Records excerpted from a collection:

--- START ---

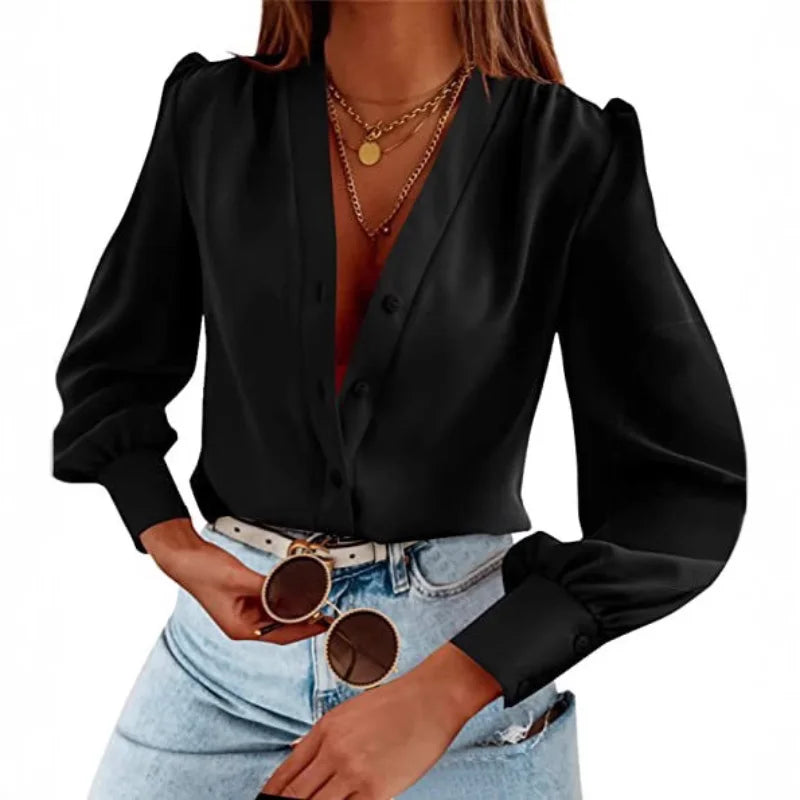 European and American Autumn and Winter New Product Solid Color Simple Temperament Long Sleeved Deep V-neck Long Sleeve Top
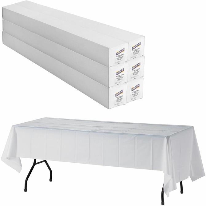 Genuine Joe Banquet-Size Plastic Tablecover - 300 ft Length x 40" Width - Plastic - White - 6 / Carton
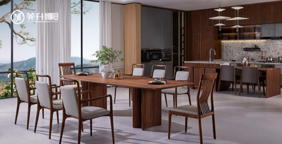 選擇美升娜家具北美黑胡桃木,不僅是選擇一種材質(zhì),更是選擇一種生活方式。在這里,木材的溫潤與煙火的熱情交織,讓平凡的日常升華為值得品味的藝術(shù)。無論是獨(dú)自享受烹飪的寧靜,還是與親友分享美食的歡愉,這個空間都能讓生活綻放出最動人的光彩。
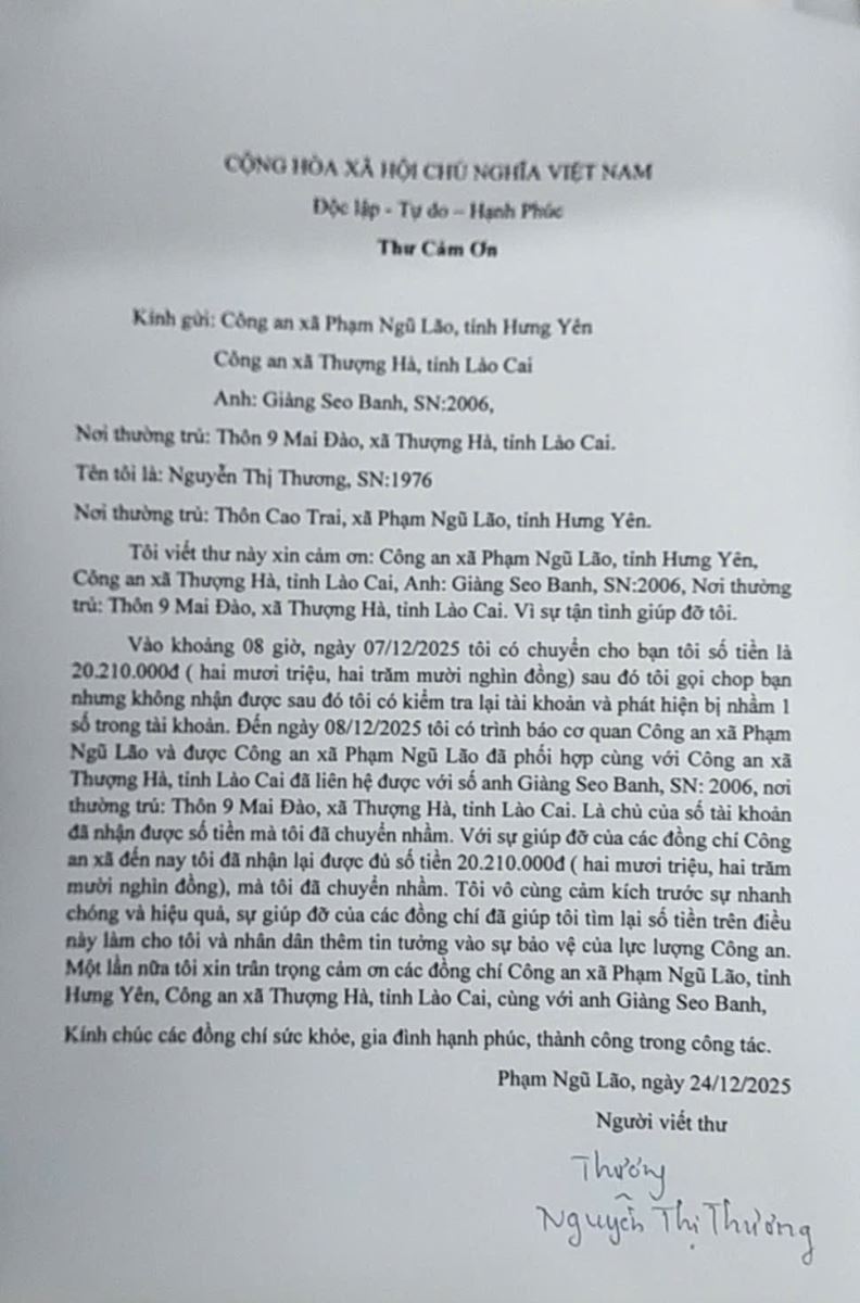 Ngày 08/12/2025, Công an xã Phạm Ngũ Lão tiếp nhận tin trình báo của chị Nguyễn Thị Thương, sinh năm 1976, thường trú tại thôn Cao Trai, xã Phạm Ngũ Lão, tỉnh Hưng Yên về việc chị chuyển khoản nhầm số tiền hơn 20 triệu đồng vào ngày 07/12/2025.
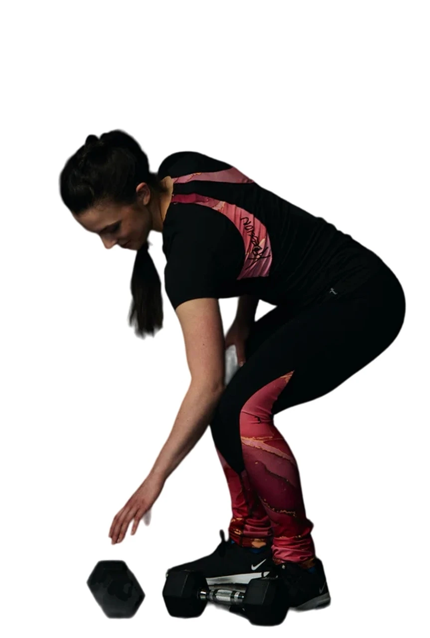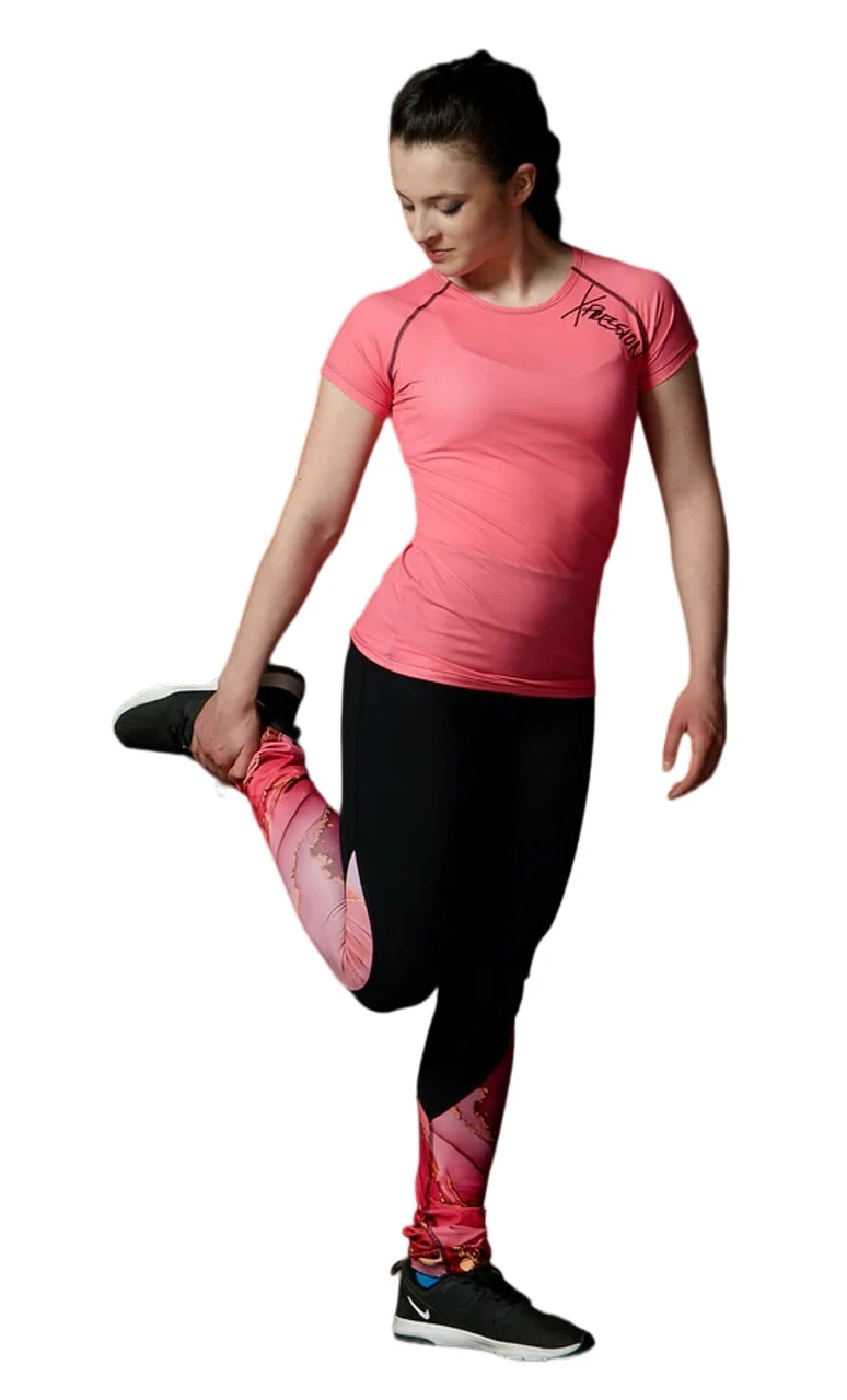 Black supplex legging with inserts sublimated with marbled coral color by Elite Xpression

--- END ---

PROMPT: Output every line of the records exactly, excluding all pictures.

TASK RESPONSE:
 European and American Autumn and Winter New Product Solid Color Simple Temperament Long Sleeved Deep V-neck Long Sleeve Top
 Genuine Joe Banquet-Size Plastic Tablecover - 300 ft Length x 40" Width - Plastic - White - 6 / Carton
 選擇美升娜家具北美黑胡桃木,不僅是選擇一種材質(zhì),更是選擇一種生活方式。在這里,木材的溫潤與煙火的熱情交織,讓平凡的日常升華為值得品味的藝術(shù)。無論是獨(dú)自享受烹飪的寧靜,還是與親友分享美食的歡愉,這個空間都能讓生活綻放出最動人的光彩。
 Ngày 08/12/2025, Công an xã Phạm Ngũ Lão tiếp nhận tin trình báo của chị Nguyễn Thị Thương, sinh năm 1976, thường trú tại thôn Cao Trai, xã Phạm Ngũ Lão, tỉnh Hưng Yên về việc chị chuyển khoản nhầm số tiền hơn 20 triệu đồng vào ngày 07/12/2025.
 Black supplex legging with inserts sublimated with marbled coral color by Elite Xpression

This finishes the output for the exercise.